AI Summary and Description: Yes
Summary: The text announces Datadog’s new AI monitoring capabilities integrated with Google Cloud, emphasizing the importance of observability in AI application performance. It highlights the need for enhanced monitoring tools as organizations increasingly adopt AI technologies, particularly in the context of large language model (LLM) applications and efficient infrastructure utilization.
Detailed Description:
The content reveals Datadog’s latest enhancements in AI observability features designed to support users harnessing Google Cloud’s AI technologies. These capabilities aim to provide comprehensive insights across various layers of AI applications, ultimately enhancing performance, governance, and cost optimization for organizations leveraging AI in their workflows.
Key Points:
– **Introduction of AI Monitoring Capabilities**:
– Datadog has expanded its AI monitoring features specifically for Google Cloud customers.
– The new AI Agents Console provides observability tools for third-party agents operated via Google’s Vertex AI Agent Engine.
– **Full-stack AI Observability**:
– **Application Layer**:
– Critical visibility and governance for autonomous agents.
– Unified view of actions, permissions, and business impacts.
– **Model Layer**:
– Datadog LLM Observability to monitor, troubleshoot, and secure LLM applications.
– Auto-instrumentation for Gemini models and LLMs minimizes setup work.
– **Infrastructure Layer**:
– Integration with Cloud TPU enables monitoring of resource utilization at multiple levels (container, node, worker).
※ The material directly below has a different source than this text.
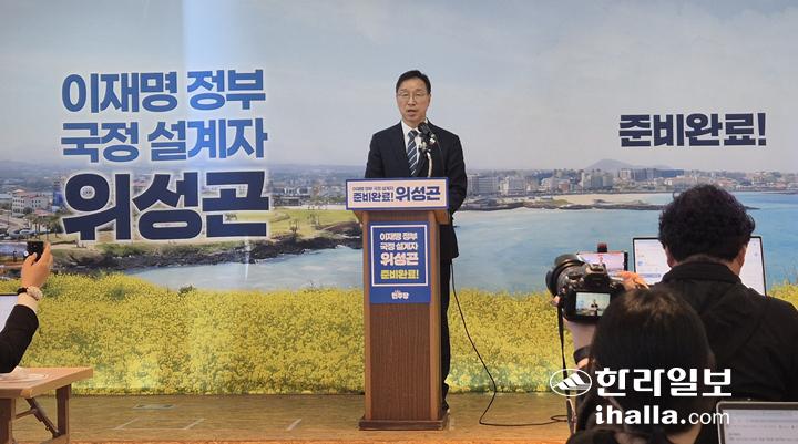 15일 제주시 연북로 선거사무소에서 기자회견을 진행하고 있는 위성곤 후보. 김채현기자

– Helps in optimizing TPU infrastructure and balancing performance with costs.
– **Data Layer**:
– Enhanced BigQuery monitoring to optimize costs and improve data quality.
– Flags slow queries, identifies major cost drivers, and manages failed jobs for timely actions.
– **Cost Optimization Features**:
– Implementation of Google Cloud’s Active Metrics APIs allows reduction in unnecessary API calls, thus lowering costs while maintaining visibility.
– Partnership with Google Cloud’s Private Service Connect further aids in minimizing data transfer costs.
– **Call to Action**:
– Organizations are encouraged to try Datadog for unified observability and security, allowing for the creation of more scalable and cost-effective applications.
– An invitation to experience these new features at Datadog’s annual conference, DASH.
Overall, the announcement underscores the increasing necessity for robust monitoring tools as companies embrace AI technologies, highlighting Datadog’s commitment to facilitating effective monitoring across various application layers to improve overall performance and satisfaction for businesses using Google Cloud.